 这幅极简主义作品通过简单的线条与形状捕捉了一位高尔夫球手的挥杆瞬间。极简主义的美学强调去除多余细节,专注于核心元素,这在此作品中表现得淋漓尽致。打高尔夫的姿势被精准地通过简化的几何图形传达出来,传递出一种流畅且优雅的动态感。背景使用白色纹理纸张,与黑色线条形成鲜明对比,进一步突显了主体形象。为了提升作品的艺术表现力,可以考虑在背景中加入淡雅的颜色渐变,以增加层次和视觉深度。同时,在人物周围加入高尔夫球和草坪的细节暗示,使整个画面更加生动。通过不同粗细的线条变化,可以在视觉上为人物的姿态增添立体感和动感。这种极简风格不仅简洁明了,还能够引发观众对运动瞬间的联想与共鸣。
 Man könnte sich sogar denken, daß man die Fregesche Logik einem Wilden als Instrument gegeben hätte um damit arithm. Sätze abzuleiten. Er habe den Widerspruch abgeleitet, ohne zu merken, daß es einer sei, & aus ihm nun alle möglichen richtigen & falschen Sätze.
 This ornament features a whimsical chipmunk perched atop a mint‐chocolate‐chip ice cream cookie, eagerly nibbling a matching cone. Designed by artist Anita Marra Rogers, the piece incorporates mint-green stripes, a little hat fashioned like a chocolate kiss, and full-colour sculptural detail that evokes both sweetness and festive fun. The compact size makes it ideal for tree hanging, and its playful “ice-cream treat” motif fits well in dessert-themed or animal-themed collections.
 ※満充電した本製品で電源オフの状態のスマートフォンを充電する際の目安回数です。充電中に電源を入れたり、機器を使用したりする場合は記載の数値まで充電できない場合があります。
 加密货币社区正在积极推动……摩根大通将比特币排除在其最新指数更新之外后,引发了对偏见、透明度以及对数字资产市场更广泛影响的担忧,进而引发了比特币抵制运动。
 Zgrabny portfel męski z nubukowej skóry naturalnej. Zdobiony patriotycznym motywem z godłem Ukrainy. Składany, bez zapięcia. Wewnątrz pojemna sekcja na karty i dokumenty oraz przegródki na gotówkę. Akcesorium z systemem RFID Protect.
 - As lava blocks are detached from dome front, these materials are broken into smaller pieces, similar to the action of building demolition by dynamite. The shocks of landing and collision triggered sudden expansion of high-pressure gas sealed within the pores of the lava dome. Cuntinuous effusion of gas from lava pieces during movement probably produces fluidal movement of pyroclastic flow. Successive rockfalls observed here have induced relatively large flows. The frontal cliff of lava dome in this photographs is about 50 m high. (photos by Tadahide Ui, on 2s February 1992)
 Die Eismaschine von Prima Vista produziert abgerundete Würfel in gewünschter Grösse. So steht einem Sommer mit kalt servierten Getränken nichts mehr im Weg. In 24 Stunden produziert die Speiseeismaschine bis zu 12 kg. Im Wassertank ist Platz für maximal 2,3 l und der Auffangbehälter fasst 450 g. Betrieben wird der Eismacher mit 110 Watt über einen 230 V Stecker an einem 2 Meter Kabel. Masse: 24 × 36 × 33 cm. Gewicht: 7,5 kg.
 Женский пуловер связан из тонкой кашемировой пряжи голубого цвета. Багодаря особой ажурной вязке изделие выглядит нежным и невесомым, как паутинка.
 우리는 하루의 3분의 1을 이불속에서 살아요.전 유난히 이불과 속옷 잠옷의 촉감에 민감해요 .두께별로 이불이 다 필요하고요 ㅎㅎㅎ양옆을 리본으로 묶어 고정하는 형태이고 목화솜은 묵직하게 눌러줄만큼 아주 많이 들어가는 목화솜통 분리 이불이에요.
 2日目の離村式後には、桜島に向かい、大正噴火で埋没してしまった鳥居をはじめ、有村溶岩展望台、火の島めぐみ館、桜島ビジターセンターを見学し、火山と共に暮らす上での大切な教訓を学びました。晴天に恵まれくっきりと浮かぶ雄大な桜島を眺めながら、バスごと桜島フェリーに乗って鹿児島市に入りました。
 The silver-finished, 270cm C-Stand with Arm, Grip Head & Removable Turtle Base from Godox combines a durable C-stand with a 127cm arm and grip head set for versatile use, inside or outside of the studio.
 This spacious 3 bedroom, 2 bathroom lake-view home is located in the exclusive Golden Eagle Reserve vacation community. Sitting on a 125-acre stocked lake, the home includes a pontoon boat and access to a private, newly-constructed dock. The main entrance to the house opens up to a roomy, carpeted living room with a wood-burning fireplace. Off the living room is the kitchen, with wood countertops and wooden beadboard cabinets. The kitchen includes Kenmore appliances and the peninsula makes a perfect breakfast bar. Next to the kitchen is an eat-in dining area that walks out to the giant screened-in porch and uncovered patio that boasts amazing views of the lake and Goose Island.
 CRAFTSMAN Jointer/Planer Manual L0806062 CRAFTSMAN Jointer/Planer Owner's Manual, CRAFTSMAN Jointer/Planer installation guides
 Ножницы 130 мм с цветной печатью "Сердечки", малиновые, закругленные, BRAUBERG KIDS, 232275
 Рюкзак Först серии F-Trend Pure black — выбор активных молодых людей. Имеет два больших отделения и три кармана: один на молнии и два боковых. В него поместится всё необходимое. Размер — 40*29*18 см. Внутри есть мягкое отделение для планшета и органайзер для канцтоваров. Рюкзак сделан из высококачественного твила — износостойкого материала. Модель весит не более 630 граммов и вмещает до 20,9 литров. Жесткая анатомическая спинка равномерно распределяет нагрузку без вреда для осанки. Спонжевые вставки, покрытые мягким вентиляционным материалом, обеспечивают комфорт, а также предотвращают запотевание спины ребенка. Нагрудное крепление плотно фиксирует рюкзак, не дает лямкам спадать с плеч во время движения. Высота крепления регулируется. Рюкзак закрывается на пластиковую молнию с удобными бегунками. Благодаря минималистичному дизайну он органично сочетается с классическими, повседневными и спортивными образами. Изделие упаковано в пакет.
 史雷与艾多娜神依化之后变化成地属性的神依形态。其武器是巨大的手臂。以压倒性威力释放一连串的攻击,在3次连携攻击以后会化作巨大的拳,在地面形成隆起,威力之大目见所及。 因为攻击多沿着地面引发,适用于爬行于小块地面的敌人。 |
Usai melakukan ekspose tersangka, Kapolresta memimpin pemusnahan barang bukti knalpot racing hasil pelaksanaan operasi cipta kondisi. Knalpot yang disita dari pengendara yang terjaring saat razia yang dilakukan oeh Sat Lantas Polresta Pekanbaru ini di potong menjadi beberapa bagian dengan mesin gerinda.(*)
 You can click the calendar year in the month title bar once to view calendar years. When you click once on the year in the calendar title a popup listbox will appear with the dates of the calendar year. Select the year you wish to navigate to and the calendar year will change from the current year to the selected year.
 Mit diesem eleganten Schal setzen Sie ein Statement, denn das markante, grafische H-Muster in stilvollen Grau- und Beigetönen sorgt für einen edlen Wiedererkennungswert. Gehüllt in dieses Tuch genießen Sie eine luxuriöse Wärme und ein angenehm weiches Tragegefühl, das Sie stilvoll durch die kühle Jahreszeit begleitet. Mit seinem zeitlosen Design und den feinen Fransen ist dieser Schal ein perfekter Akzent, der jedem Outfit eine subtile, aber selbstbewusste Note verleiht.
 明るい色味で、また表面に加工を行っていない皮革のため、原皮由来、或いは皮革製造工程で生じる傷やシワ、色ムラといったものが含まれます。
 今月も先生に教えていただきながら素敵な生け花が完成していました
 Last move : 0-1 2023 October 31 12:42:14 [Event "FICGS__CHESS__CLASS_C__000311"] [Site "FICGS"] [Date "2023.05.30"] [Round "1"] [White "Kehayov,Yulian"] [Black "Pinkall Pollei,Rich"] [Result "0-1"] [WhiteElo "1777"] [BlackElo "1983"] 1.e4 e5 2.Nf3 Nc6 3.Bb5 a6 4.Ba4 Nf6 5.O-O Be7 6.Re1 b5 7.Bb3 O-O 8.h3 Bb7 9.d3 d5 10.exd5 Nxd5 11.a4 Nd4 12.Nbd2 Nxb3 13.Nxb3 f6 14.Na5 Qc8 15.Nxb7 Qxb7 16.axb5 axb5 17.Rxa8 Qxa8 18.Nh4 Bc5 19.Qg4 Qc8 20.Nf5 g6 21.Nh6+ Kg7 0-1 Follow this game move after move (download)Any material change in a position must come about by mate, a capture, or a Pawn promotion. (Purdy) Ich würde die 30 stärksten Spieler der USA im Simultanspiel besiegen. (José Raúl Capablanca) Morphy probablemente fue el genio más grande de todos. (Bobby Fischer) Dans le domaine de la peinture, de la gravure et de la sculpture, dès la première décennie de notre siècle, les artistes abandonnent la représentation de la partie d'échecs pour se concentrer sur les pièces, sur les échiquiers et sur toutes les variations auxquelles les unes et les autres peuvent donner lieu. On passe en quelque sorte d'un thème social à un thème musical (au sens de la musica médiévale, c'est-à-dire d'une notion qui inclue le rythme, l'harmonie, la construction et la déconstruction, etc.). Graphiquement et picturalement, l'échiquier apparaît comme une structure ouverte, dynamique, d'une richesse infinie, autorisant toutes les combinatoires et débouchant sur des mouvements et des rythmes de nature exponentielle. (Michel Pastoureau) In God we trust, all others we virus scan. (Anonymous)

============

■ Problem description
Retype only the lines above between the line with "CRAFTSMAN Jointer/Planer Manual" and the line with "Ножницы 130 мм", counting those two lines as well, and keep every character as it is.

■ Solution to this task
 CRAFTSMAN Jointer/Planer Manual L0806062 CRAFTSMAN Jointer/Planer Owner's Manual, CRAFTSMAN Jointer/Planer installation guides
 Ножницы 130 мм с цветной печатью "Сердечки", малиновые, закругленные, BRAUBERG KIDS, 232275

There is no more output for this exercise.